15 Jul 2024 - by 'Maurits van der Schee'
In April I wrote Fyne Mines (Minesweeper in Go using Fyne) and I'm very happy with the release on the Fyne Games page. When further investigating cross platform game development (in Go) I ran into the RayLib engine (and it's Go bindings). During the holidays I decided to recreate my minesweeper game using RayLib to see how that would perform and how it's development in Go would compare to Ebiten and Fyne.
Source code: https://github.com/mevdschee/raylib-go-mines
Raylib uses OpenGL for rendering 2D and 3D and this results in very high performance graphics. RayLib has a very nice and clean API. RayLib includes RayGui and I used that for the buttons and the little menu at the start of the game. I tried compiling with RayGui 5.0.0, which required wayland (which could be disabled with the "x11" build tag), but ended up using RayGui 3.5.0 as I didn't need a complex GUI.

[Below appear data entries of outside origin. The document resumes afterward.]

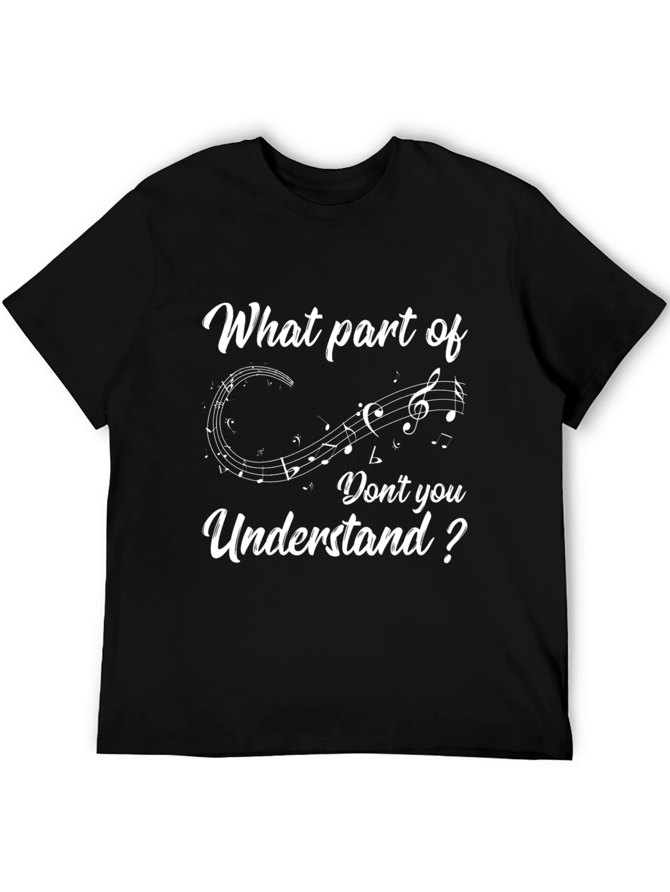 Express your love for music with this stylish black t-shirt. Featuring a playful design of musical notes and a treble clef, paired with the witty phrase "What part of Don't you Understand?", this shirt is a fun way to show your passion. Made from a comfortable, breathable fabric, it's perfect for everyday wear, music classes, band practice, or casual outings. The classic fit and soft material ensure all-day comfort. Make a statement and let your love for music shine with this eye-catching tee.
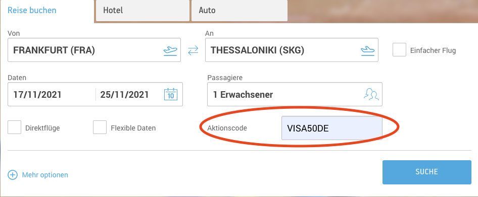 Benutzen Sie einfach den Aktionscode VISA50DE während Ihrer Buchung für Ihren nächsten Flug im Zeitraum.
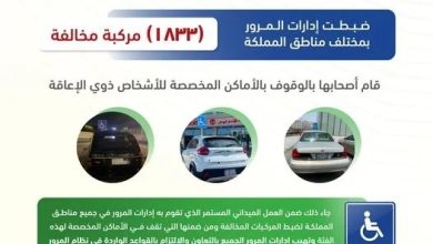 قامت إدارات المرور بحملة مرورية لضبط المركبات المخالفة بالوقوف في مواقف ذوي الاحتياجات الخاصة. ونتج عن الحملة ضبط 1833 مركبة قام…
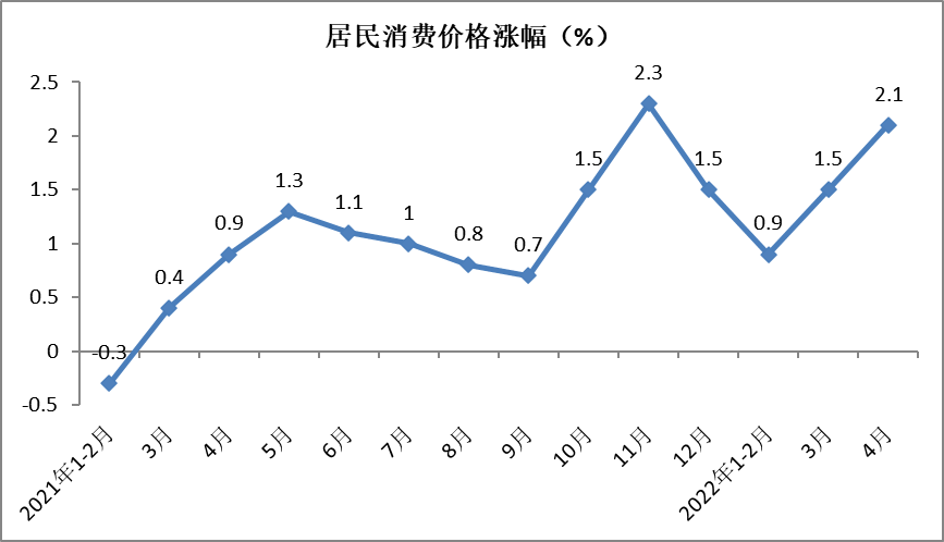 1-4月份,全国居民消费价格同比上涨1.4%,涨幅较一季度提高0.3个百分点,较上年同期提高1.2个百分点。其中,城市消费价格上涨1.5%,农村消费价格上涨1%,食品消费价格下降1.9%,非食品消费价格上涨2.1%,消费品价格上涨1.5%,服务价格上涨1.2%。4月份,全国居民消费价格同比上涨2.1%,涨幅较上月提高0.6个百分点。
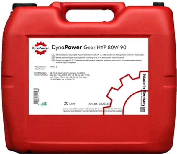 DynaPower Gear HYP SAE 80W-90 – класична гіпоїдна трансмісійна олива, призначена для використання в редукторах, диференціалах, ведучих мостах, роздавальних коробках, а також у деяких типах коробок передач, що працюють у дуже важких умовах та під постійним високим навантаженням.
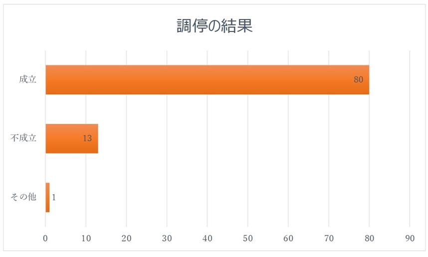 一方で、同席調停の方が効率的に合意形成できることから、成立率に差が出たと考えられますが、同席調停ができる当事者は別席調停を希望する当事者に比べ、紛争性が低いことも成立率の違いに影響を与えていると考えられます。
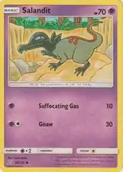 Salandit (Japanese: ヤトウモリ Yatoumori) is a Psychic-type Basic Pokémon card. It is part of the Unified Minds expansion.
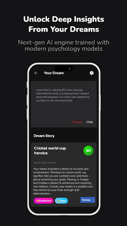 Our AI engine uses established dream theories, symbols, and Freudian theories to provide personalised dream interpretations that can reveal insights into your subconscious mind.
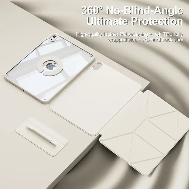 KTGGHG Case for iPad Air 11-Inch M4/M3/M2 (2026/2025/2024), iPad Air 5th/4th Generation(2022/2020) 10.9" with Pencil Holder, Detachable Magnetic 360 Rotating Lightweight Protective Cover, White Cream
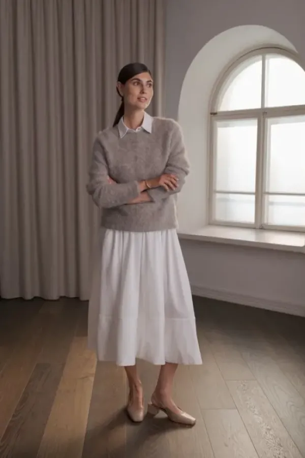 Pitkähihaisessa neuleessa yhdistyvät elegantti muotoilu ja rento malli, tehden neuleesta ihanteellisen valinnan päivittäiseen käyttöön. Pyöreä pääntie ja raglanhihojen huolellinen muotoilu takaavat erinomaisen istuvuuden. Kapeat neuloskäänteet hihansuissa ja helmassa viimeistelevät huolitellun tyylin.
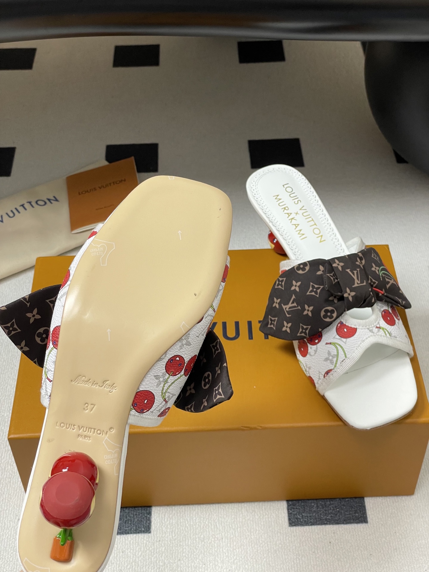 • Material: Premium leather upper with printed monogram and cherry motifs
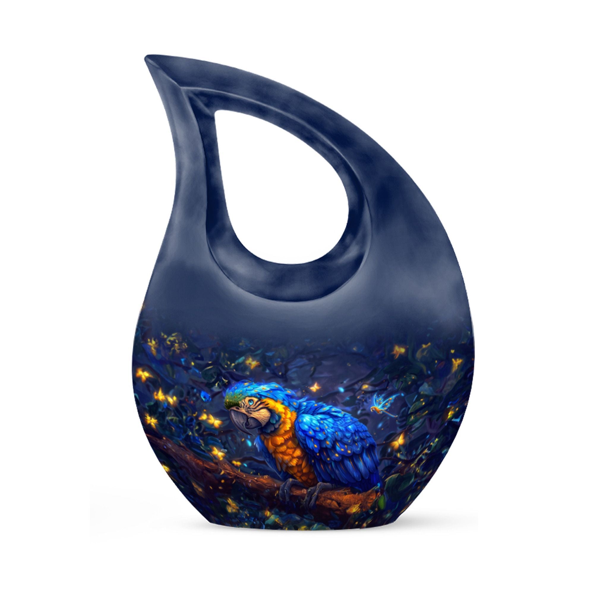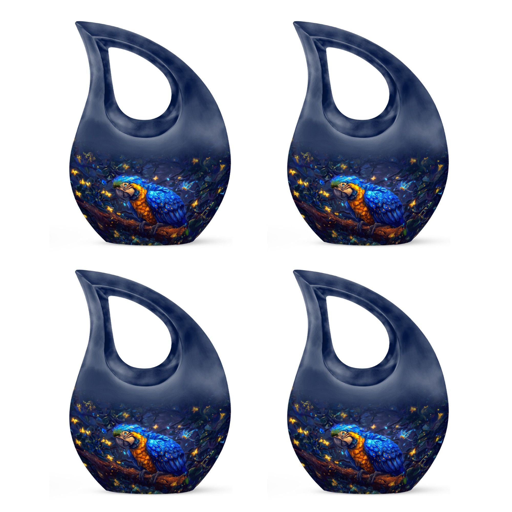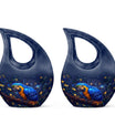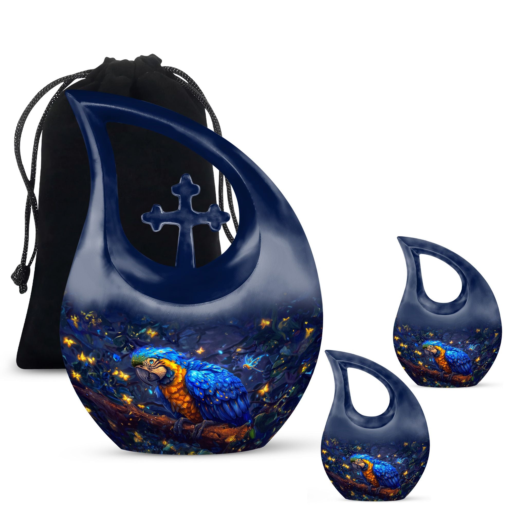 Invoke tranquility during times of sorrow with the 'Mystic Feather Glow Urn'. Hailed as one of the most meaningful memorial urns, its divine cross drop detailing offers a sense of spiritual solace. Sized at 10 inches, this urn provides ample space for containment, with a capacity of 200 cubic inches, ideal for keeping revered human ashes secure. Finely crafted from enduring aluminium, its weight of 3.3 pounds reinforces this urn's substance and durability. You can further personalize this piece with engraved names, to honor and remember your loved ones more intimately. The order includes a velvet pouch designed to hold the precious remains delicately. Though primarily a large urn for human ashes, it's also sought after as an Urn Mini and under 'urns with love'. Celebrate the lives of those departed and let their spirit gleam, just like this urn's mystic feather glow.
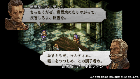 人心がすでにガルガスタン軍から離れてしまっていることを、 捕虜が去り際につぶやいたこのセリフが象徴しているようです。
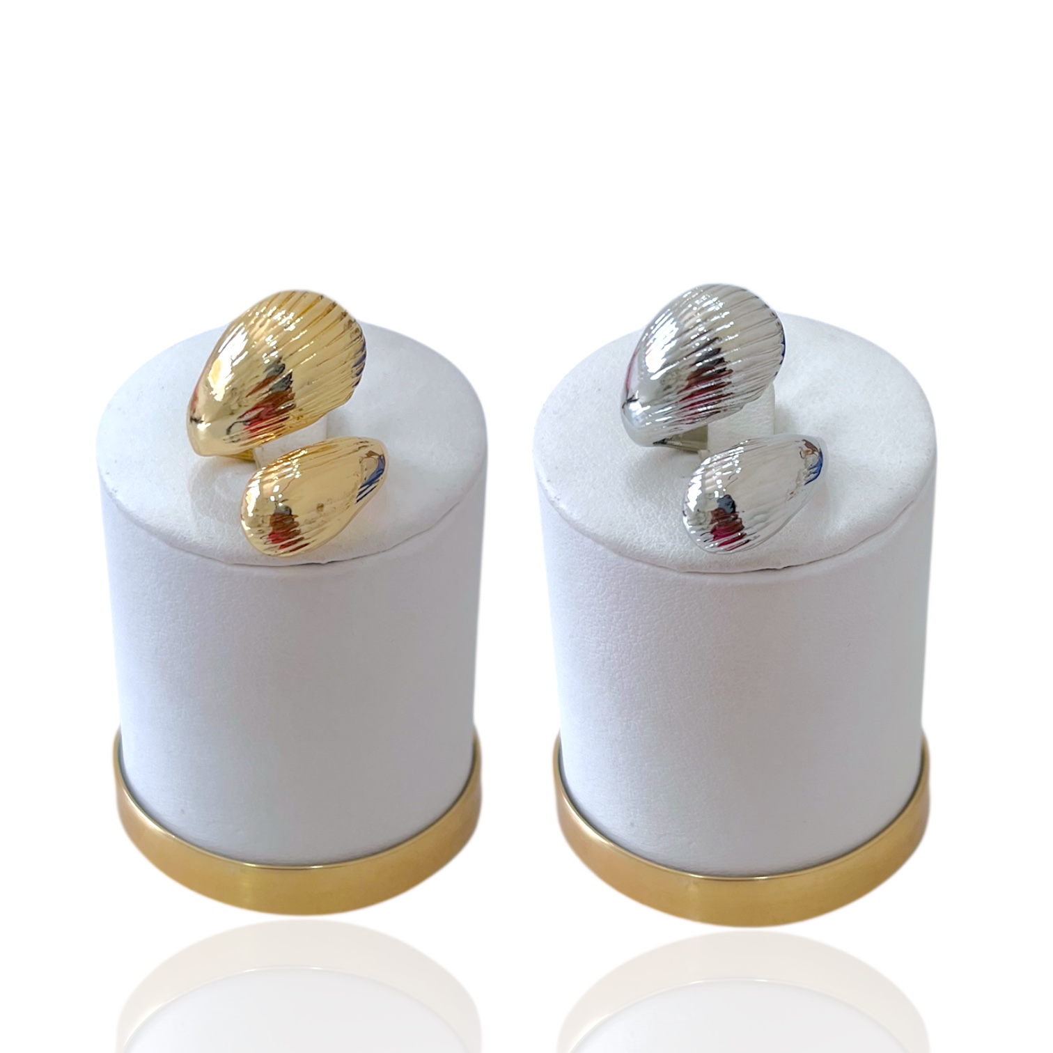 Anel Ajustável Bijuteria Dourado e Prata Orgânico Duas Gotas Riscada
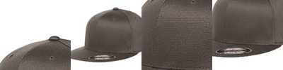 74% polyester, 26% cotton; Style is transitioning from 65% polyester/35% cotton; Mixed fabric inventory may occur; 5-panel, structured, high-profile; Eight-row stitching on flat visor; 4" crown; Hard buckram backed front panels; Matching undervisor; Plastic adjustable closure;
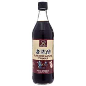 - Chinese black vinegar:ย (often known in its most popular form, Chinkiang or Zhenjiangย vinegar), is dark, complex and fruity with umami rich undertones.ย It is often compared to balsamic although it is less sweet, and ultimately so unique that I hesitate to even attempt to describe it.ย You should be able to find Chinese Black Vinegar at Asian specialty markets or you may substitute with half balsamic vinegar and half rice vinegar.
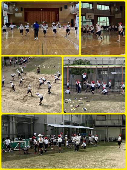 3年生は3つに分かれて体育の学習。狭くなった運動場ですが、子どもたちの体力がつくように先生たちもいろいろと工夫してくれています。
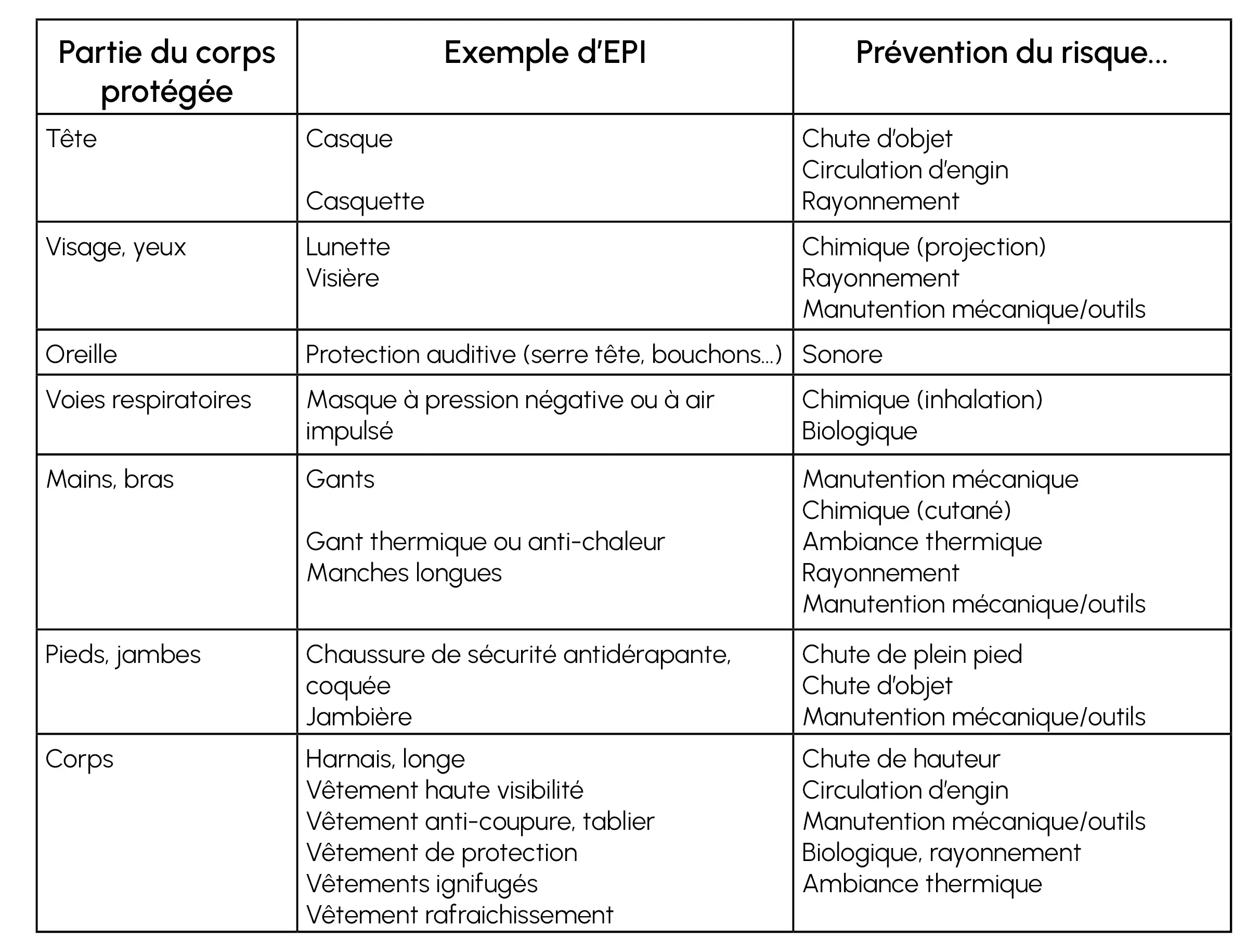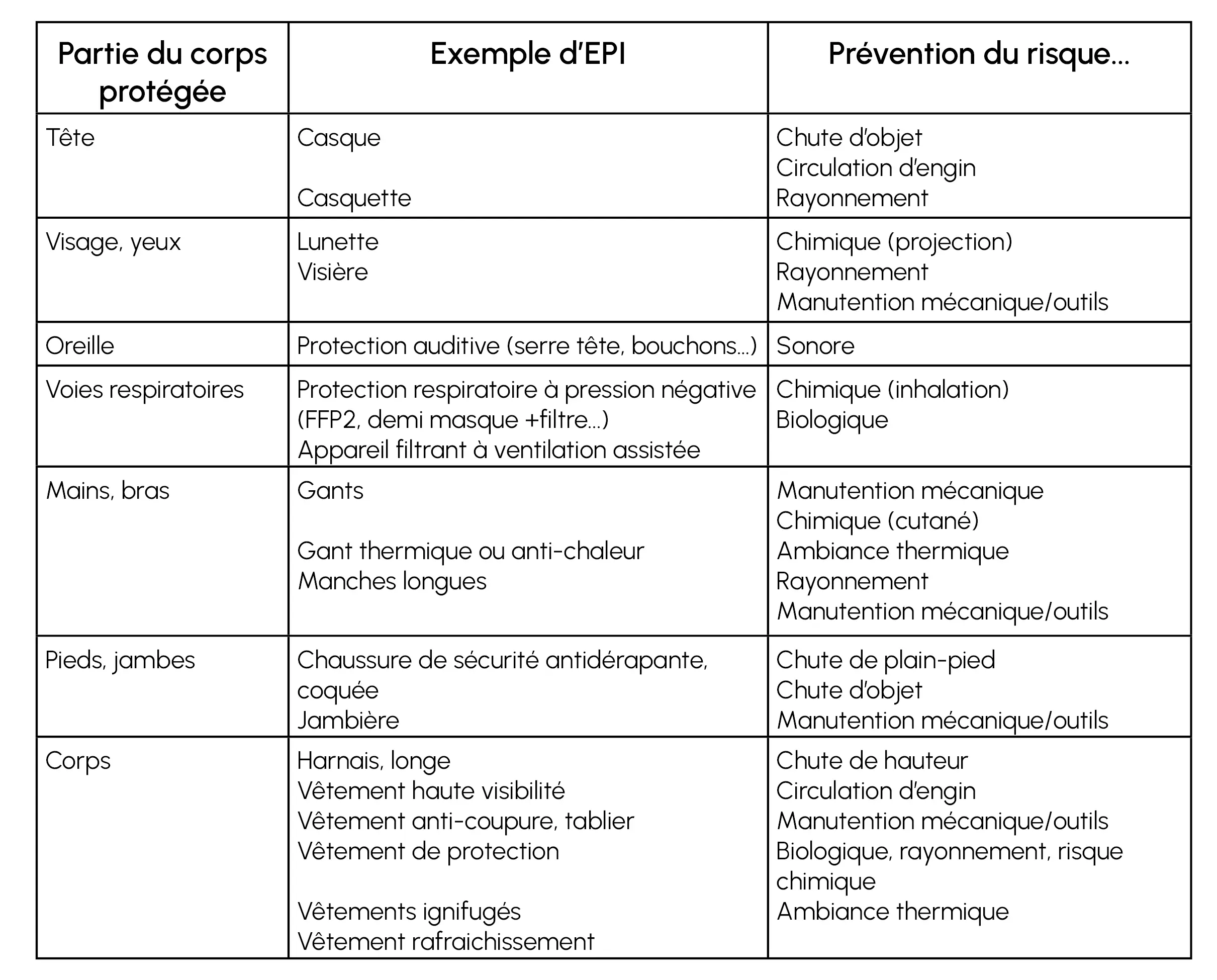 Les équipements de protection individuelle, sont des dispositifs ou moyens destinés à être portés ou tenus par une personne en vue de la protéger contre un ou plusieurs risques susceptibles de menacer sa santé ou sa sécurité (Code du Travail : R4311-8).
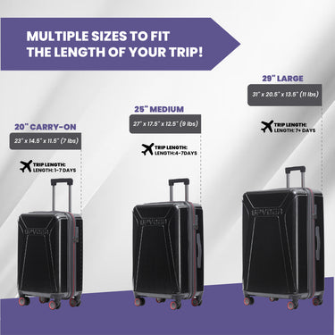 • ENJOY TRAVELING AGAIN: If youre tired of hauling around heavy and bulky luggage bags then our lightweight luggage set is what youve been looking for. Our hardside spinner luggage set comes with a 29" suitcase (32x20x12.75 inches), 25" suitcase (27.25x18x11.5 inches) and 21" carry on suitcase (24.7x10.25x15.25 inches)
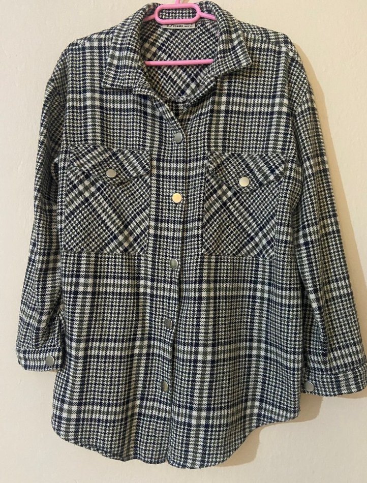 Gri düğmeli, uzun kollu kadın midi gömlek. İki cep ve kesik yaka detaylarıyla rahat kesim, günlük kullanıma uygun.

Cross-platform support is available. You can compile for Windows on Linux is with the MinGW toolset. I tried to run the resulting Windows executable under Wine and succeeded. I even added some resource data (icon and such) to the resulting Windows executable. I used the winres (go command line) tool for that (see: https://github.com/tc-hib/go-winres). I also wrote a Makefile to create both the Windows and Linux (AMD64) executables from the latest Git tag.
If you are building a small (full screen) game, then RayLib may be the optimal choice. It offers a simple and high performance OpenGL abstraction across platforms, it is fast and easy to compile, has cross-compilation support and the RayLib bindings are available in many programming languages and for many platforms. I prefer RayLib over Ebiten in general: it feels more mature and more finished and it seems easier to port to other platforms (such as HTML5, Nintendo Switch or Android).